Plaintiff claimed that his symptoms were worse than before the
first surgery. The nurse's notes indicated that plaintiff was
having difficulty eating and drinking and that he was experiencing
constant nausea and vomiting. Plaintiff was seen by Dr. Wolfman
who conducted several tests.
Dr. Chung-Loy had been on vacation and did not examine
plaintiff until May 29. He concluded that plaintiff was suffering
from a partial intestinal obstruction near the area of the previous
surgery and recommended a surgical procedure called a bilateral
truchan vagotomy gastrojejunostomy. He drew a diagram to explain
the operation to plaintiff. Plaintiff, however, denied that Dr.

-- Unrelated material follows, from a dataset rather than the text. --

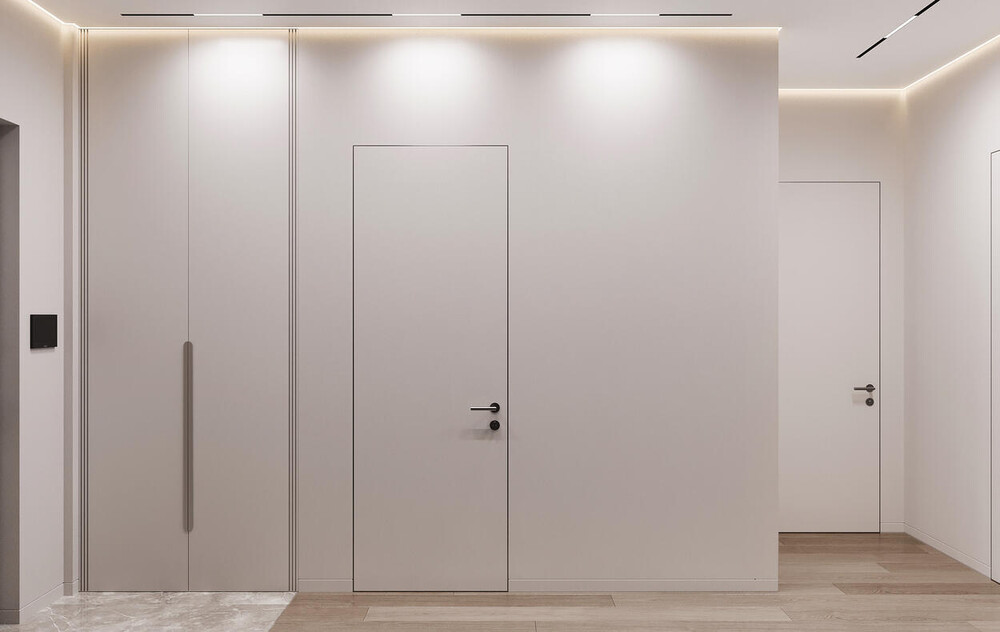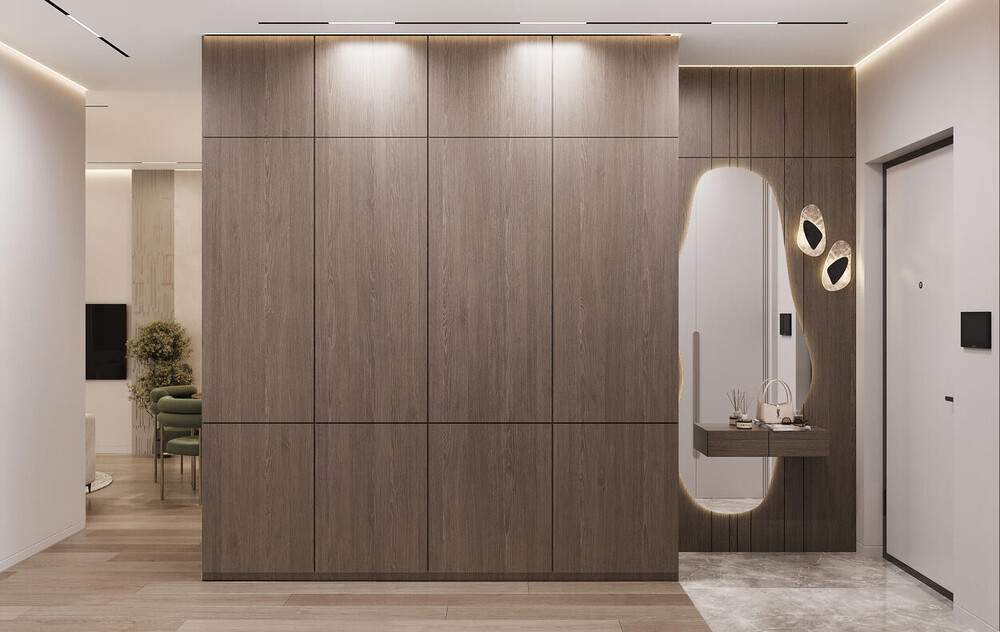 Прихожая оформлена со встроенными шкафами во всю высоту стены, которые скрыты за фасадами под дерево. Система хранения занимает целую плоскость и воспринимается как архитектурный объём. Акцентная панель с зеркалом асимметричной формы дополнена компактной консолью для ключей и мелочей. Встроенная подсветка подчёркивает форму зеркала и мягко отделяет входную зону от остального пространства квартиры.

Chung-Loy ever explained the risks associated with this surgery to
him or that he had any other options. Further, plaintiff stated
that Dr. Chung-Loy never told him what he would do if during the
operation the doctor found it was not necessary to perform the
operation as described.
Dr. Chung-Loy claimed that he discussed the risks of the
operation with plaintiff, telling him about the common risks and
potential complications such as bleeding, infection, lung, heart,
and kidney problems. The doctor did not, however, discuss the risk
of a hernia.
Plaintiff signed a consent form for the second operation on
May 30, 1991. The form authorized Dr. Chung-Loy to treat a
"PARTIAL INTESTINAL OBSTRUCTION" and provided in part:
2. The procedure(s) necessary to treat my
condition (has, have) been explained to me by
Dr. CHUNG-LOY and I understand the nature of
the procedure to be: (description of the
procedure(s) in laymen's terms) BILATERAL
TRUCHAN VAGOTOMY, GASTROJEJUNOSTOMY.
3. I have been made aware that there are common
risks and possible complications of the
proposed procedure as well as risks and
consequences of not having the proposed
procedure. I understand that there may be
alternative treatments, and have been given
the opportunity to discuss these with Dr.
CHUNG-LOY.
4. I understand that the explanation given to me
by my doctor is not exhaustive and that other,
more remote risks and consequences may arise.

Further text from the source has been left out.